#### [RECORDS PROVIDED]

↓

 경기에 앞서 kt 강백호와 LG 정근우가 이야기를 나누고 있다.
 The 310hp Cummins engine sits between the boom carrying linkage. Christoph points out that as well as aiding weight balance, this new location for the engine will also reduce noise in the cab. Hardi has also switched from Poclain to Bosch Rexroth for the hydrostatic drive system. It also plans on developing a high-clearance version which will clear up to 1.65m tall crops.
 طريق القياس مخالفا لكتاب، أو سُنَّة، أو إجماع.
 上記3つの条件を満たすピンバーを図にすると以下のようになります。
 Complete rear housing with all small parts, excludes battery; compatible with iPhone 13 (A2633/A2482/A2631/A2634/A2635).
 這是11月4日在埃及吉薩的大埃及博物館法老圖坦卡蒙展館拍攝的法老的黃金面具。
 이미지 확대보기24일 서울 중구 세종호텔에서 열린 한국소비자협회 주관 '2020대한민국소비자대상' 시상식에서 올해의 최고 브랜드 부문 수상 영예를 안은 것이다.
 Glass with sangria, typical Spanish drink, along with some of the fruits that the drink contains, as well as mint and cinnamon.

↑
↓

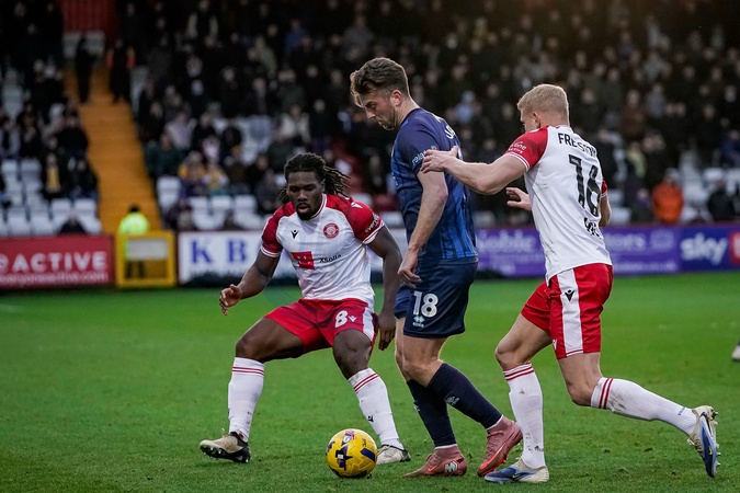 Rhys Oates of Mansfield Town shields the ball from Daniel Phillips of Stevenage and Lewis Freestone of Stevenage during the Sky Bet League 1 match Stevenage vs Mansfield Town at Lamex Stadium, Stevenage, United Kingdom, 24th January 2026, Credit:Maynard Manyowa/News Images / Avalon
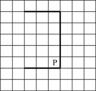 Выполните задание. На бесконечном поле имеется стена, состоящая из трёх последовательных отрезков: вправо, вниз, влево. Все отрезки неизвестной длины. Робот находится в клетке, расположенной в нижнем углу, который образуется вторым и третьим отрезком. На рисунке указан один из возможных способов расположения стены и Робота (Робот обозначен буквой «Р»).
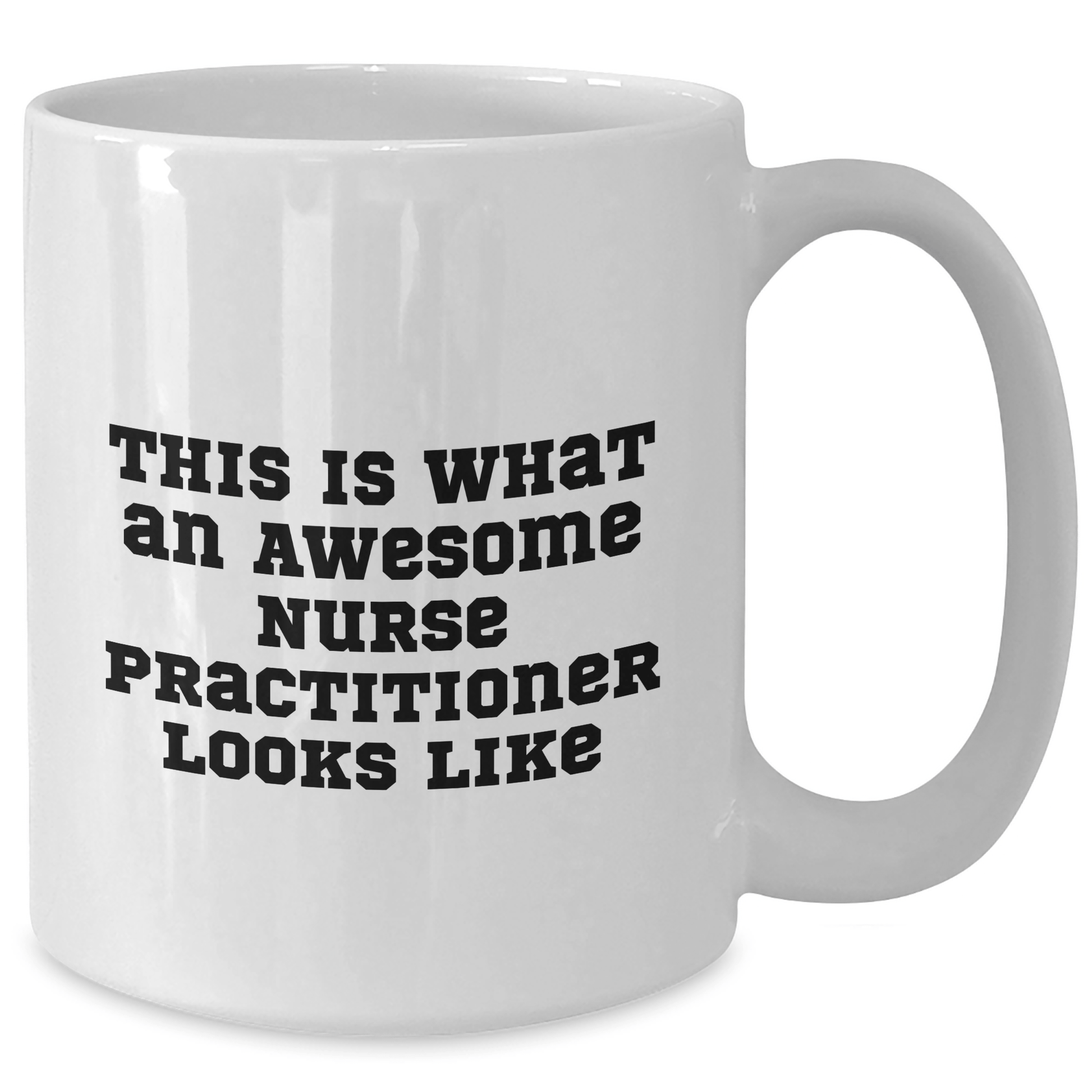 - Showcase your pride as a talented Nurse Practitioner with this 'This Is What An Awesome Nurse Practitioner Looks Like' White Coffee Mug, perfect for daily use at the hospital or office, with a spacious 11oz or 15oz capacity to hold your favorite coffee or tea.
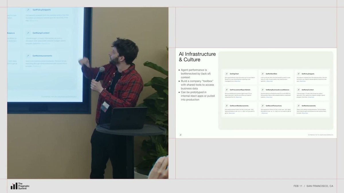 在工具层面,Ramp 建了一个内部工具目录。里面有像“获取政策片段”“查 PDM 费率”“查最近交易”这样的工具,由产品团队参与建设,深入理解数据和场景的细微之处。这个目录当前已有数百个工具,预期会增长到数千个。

↑

#### [WORK INSTRUCTION]
Output the material above exactly, but only from the line that carries "경기에 앞서 kt 강백호와 LG 정근우가 이야기를 나누고 있다." through the line that carries "Glass with sangria, typical".

#### [ANSWER TO THE EXERCISE]
 경기에 앞서 kt 강백호와 LG 정근우가 이야기를 나누고 있다.
 The 310hp Cummins engine sits between the boom carrying linkage. Christoph points out that as well as aiding weight balance, this new location for the engine will also reduce noise in the cab. Hardi has also switched from Poclain to Bosch Rexroth for the hydrostatic drive system. It also plans on developing a high-clearance version which will clear up to 1.65m tall crops.
 طريق القياس مخالفا لكتاب، أو سُنَّة، أو إجماع.
 上記3つの条件を満たすピンバーを図にすると以下のようになります。
 Complete rear housing with all small parts, excludes battery; compatible with iPhone 13 (A2633/A2482/A2631/A2634/A2635).
 這是11月4日在埃及吉薩的大埃及博物館法老圖坦卡蒙展館拍攝的法老的黃金面具。
 이미지 확대보기24일 서울 중구 세종호텔에서 열린 한국소비자협회 주관 '2020대한민국소비자대상' 시상식에서 올해의 최고 브랜드 부문 수상 영예를 안은 것이다.
 Glass with sangria, typical Spanish drink, along with some of the fruits that the drink contains, as well as mint and cinnamon.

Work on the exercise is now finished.